> WORK TASK:
One range is to be output from the listing below, exactly as written: the line with "김행 여성가족부 장관 후보자, 적절 24%, 부적절 53.1%" to the line with "①为《以德服人》TAP社区添", both kept.

> SOURCE MATERIAL:

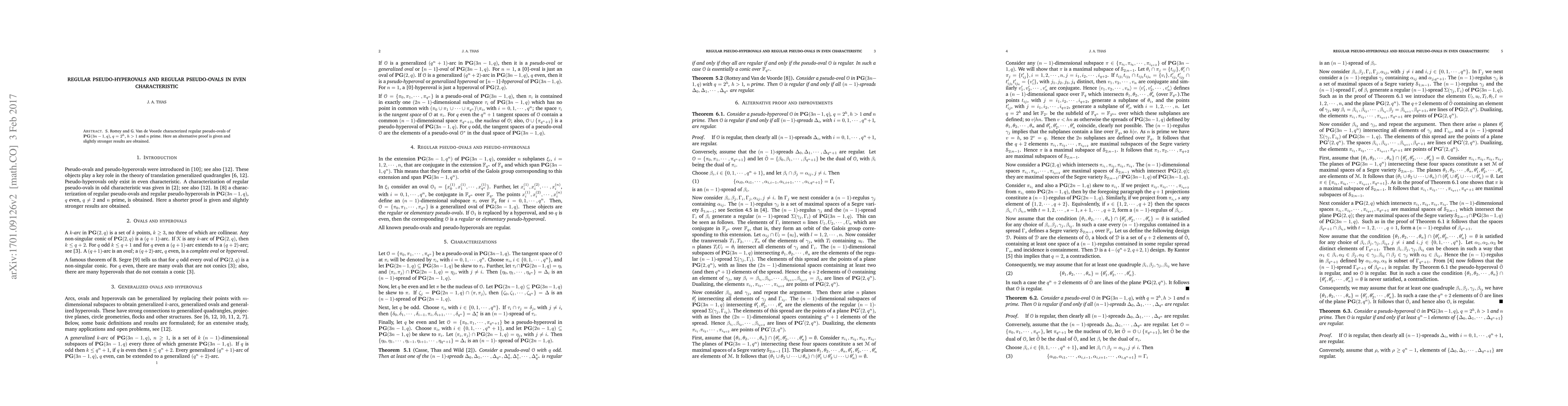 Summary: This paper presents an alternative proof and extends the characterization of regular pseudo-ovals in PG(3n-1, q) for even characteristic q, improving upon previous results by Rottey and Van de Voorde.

* * *

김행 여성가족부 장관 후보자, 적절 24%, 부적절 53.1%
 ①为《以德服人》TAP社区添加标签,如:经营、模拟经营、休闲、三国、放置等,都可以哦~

--

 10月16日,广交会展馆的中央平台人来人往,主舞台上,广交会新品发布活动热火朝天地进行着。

> ANSWER BELOW:
김행 여성가족부 장관 후보자, 적절 24%, 부적절 53.1%
 ①为《以德服人》TAP社区添加标签,如:经营、模拟经营、休闲、三国、放置等,都可以哦~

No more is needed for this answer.